Black Farmers And Agriculturalists Association Rejects President Donald Trump’s $12B Farmer Bridge Assistance Program – AfroTech


Black farmers are rejecting President Donald Trump’s Farmer Bridge Assistance Program.
On Dec. 8, it was announced in a press release that the U.S. Department of Agriculture (USDA) was offering $12 billion in one-time bridge payments to assist farmers who have been impacted by market conditions and rising production costs, with the blame placed on the Biden Administration.
Farmer Bridge Assistance Program
Eleven billion dollars of that funding will support the Farmer Bridge Assistance (FBA) Program, which will benefit U.S. row crop farmers producing barley, chickpeas, corn, cotton, lentils, oats, peanuts, peas, rice, sorghum, soybeans, wheat, canola, crambe, flax, mustard, rapeseed, safflower, sesame, and sunflower, notes the release.

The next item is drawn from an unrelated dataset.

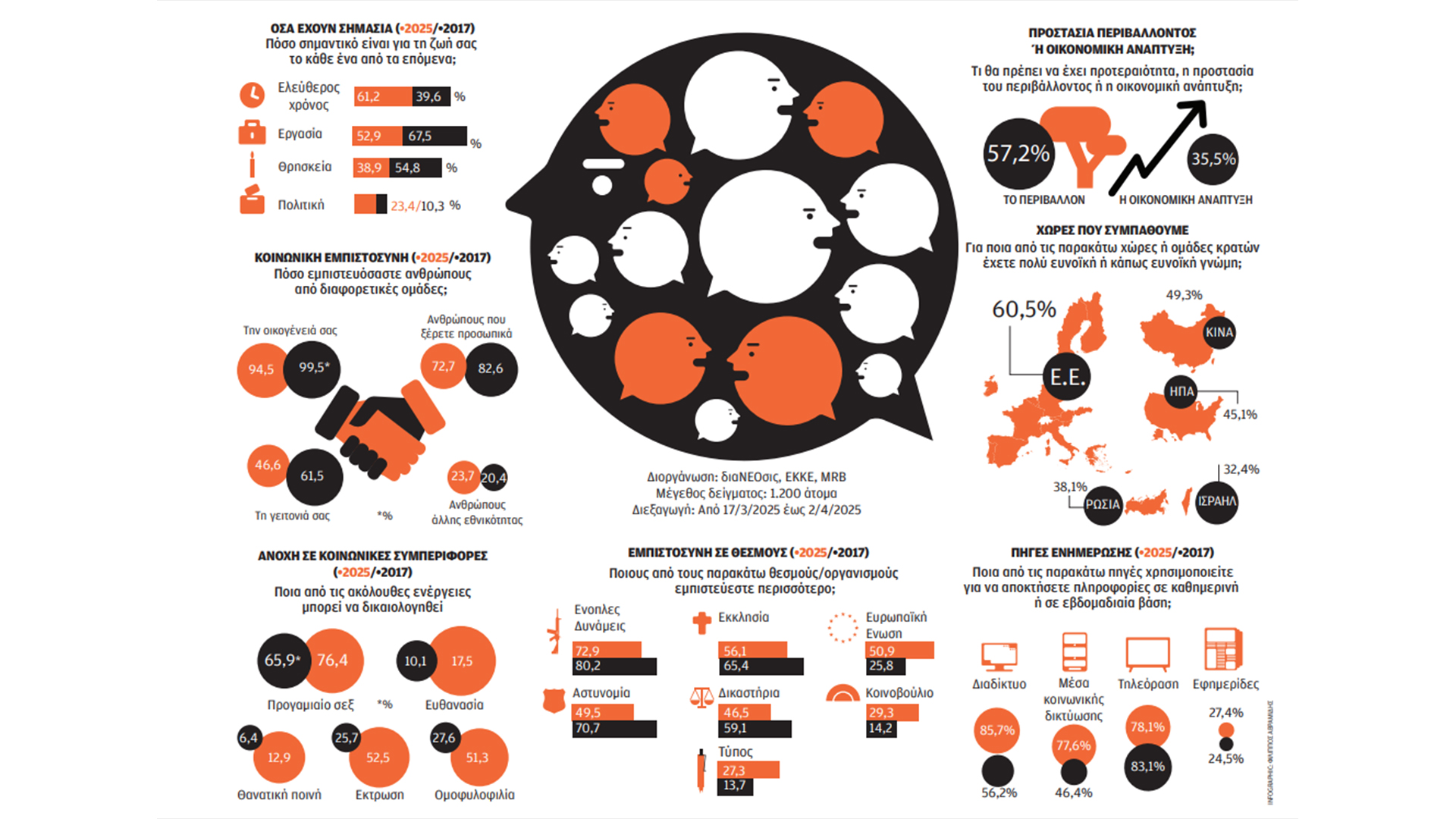 Τη δική του βαρύτητα έχει ο διπλασιασμός της αποδοχής αμφιλεγόμενων κοινωνικών συμπεριφορών όπως η ευθανασία (17,5%), η επαναφορά της θανατικής ποινής (12,9%), η αυτοκτονία (12,6%), η μη καταβολή εισιτηρίου στα μέσα μαζικής μεταφοράς (10,6%) και η διεκδίκηση κρατικών ωφελημάτων που δεν δικαιούσαι (9,5%). Στα πιο παρήγορα ευρήματα της έρευνας, η μέτρια θετική υποδοχή της τεχνητής νοημοσύνης (48,8%), η έντονα πλειοψηφική ανησυχία για την κλιματική αλλαγή, καθώς και το επίσης πλειοψηφικό ρεύμα υπέρ της προστασίας του περιβάλλοντος όταν τίθεται διαζευκτικά με το πρόταγμα της οικονομικής ανάπτυξης.

The program is intended to support farmers until further investments come from the One Big Beautiful Bill Act on Oct. 1, 2026.

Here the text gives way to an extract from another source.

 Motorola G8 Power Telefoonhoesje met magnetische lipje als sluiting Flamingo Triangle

“Four years under the failed Biden Administration continues to leave the American farm economy reeling from record inflation, a depleted farm safety net, and delayed disaster assistance. The lack of new trade deals under the last Administration turned a trade surplus under Trump into a $50 billion trade deficit, causing our farmers to lose markets and feel acute pain from lower commodity prices. President Trump will not let our farmers be left behind, so he directed our team to build a bridge program to see quick relief while the President’s dozens of new trade deals and new market access take effect,” said U.S. Secretary of Agriculture Brooke Rollins in the news release.
“The plan we are announcing today ensures American farmers can continue to plan for the next crop year. It is imperative we do what it takes to help our farmers, because if we cannot feed ourselves, we will no longer have a country,” Rollins continued.
The Rejection
The Black Farmers and Agriculturalists Association — which represents farmers, land owners, and heirs of black farmers nationwide — is calling the FBA program “racist,” according to Fox13 Memphis. Thomas Burrell, president of the Black Farmers and Agriculturalists Association, says the program doesn’t consider trade agreements with African countries and doesn’t mention support for farmers who harvest tobacco, sugarcane, peanuts, pork, and livestock, many of whom he said were Black.

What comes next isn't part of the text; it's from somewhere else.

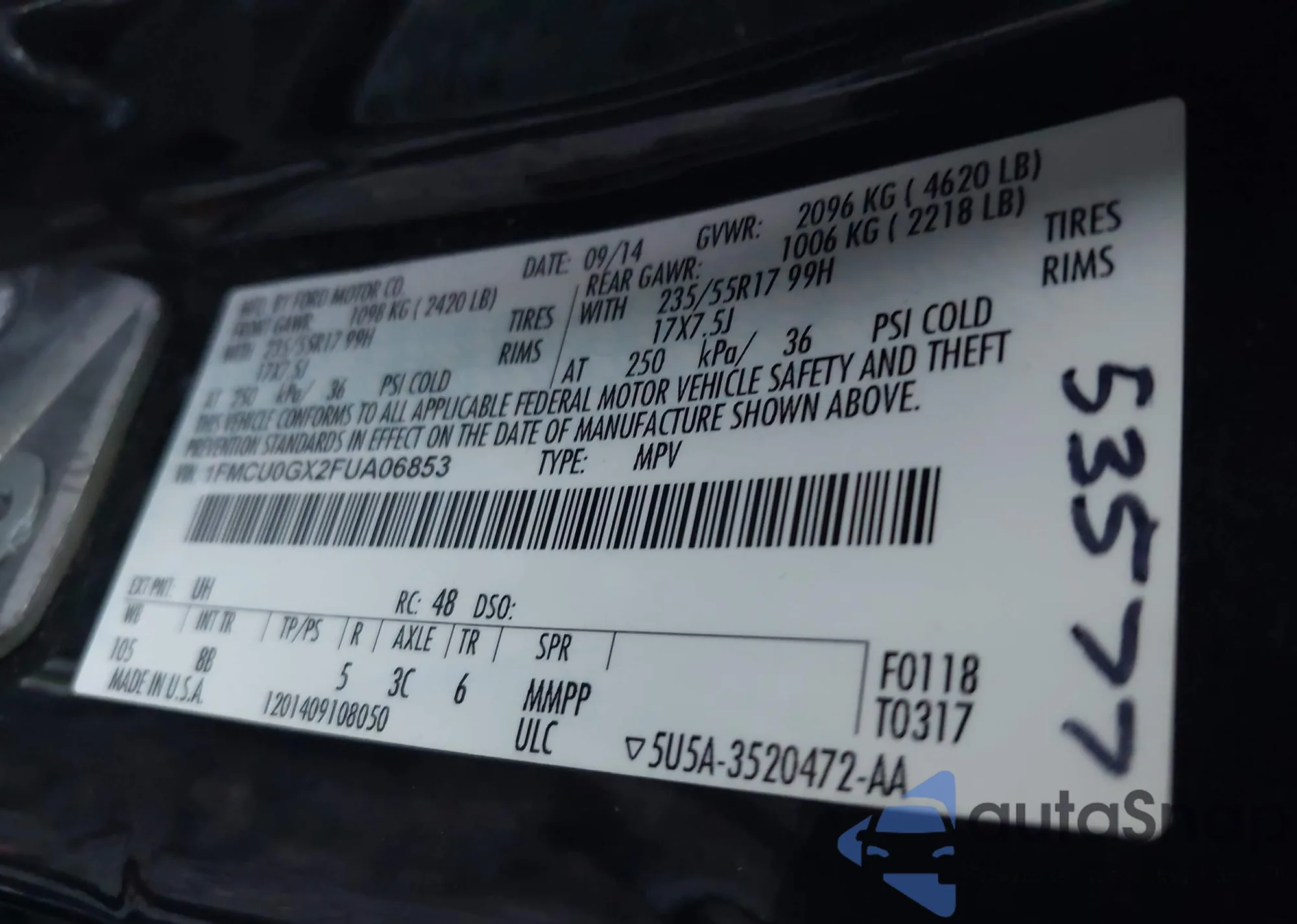 VIN: 1FMCU0GX2FUA06853

The program has also been criticized by Black farmers who have “faced challenges accessing programs requiring enrollment or acreage reporting with the USDA,” notes Black Enterprise.
“Ordinarily, BFAA would not be indifferent to the plight of all farmers,” said Burrell, according to Action News 5.
Burrell also commented that 20 million acres were owned by Black Americans in 1910, but the majority of the land is no longer under their ownership as a result of discriminatory practices.
“So what we’re arguing here is: If the Constitution there is what was being used to deprive African American farmers from a congressional mandate for receiving money that they were to receive as a victim for racial discrimination by the USDA. How can this same agency now — USDA vis-à-vis the president — use its discretion to give to this group of farmers currently,” he said, according to Fox13 Memphis.
Fox13 Memphis reported that the grievances addressed by the Black Farmers and Agriculturalists Association have escalated to a legal case that the association intends to file with the Supreme Court. Burrell says the issue is larger than a single payout and has broader implications for civil rights.
“We’re going to have to go again to the highest court of the land,” he told the outlet.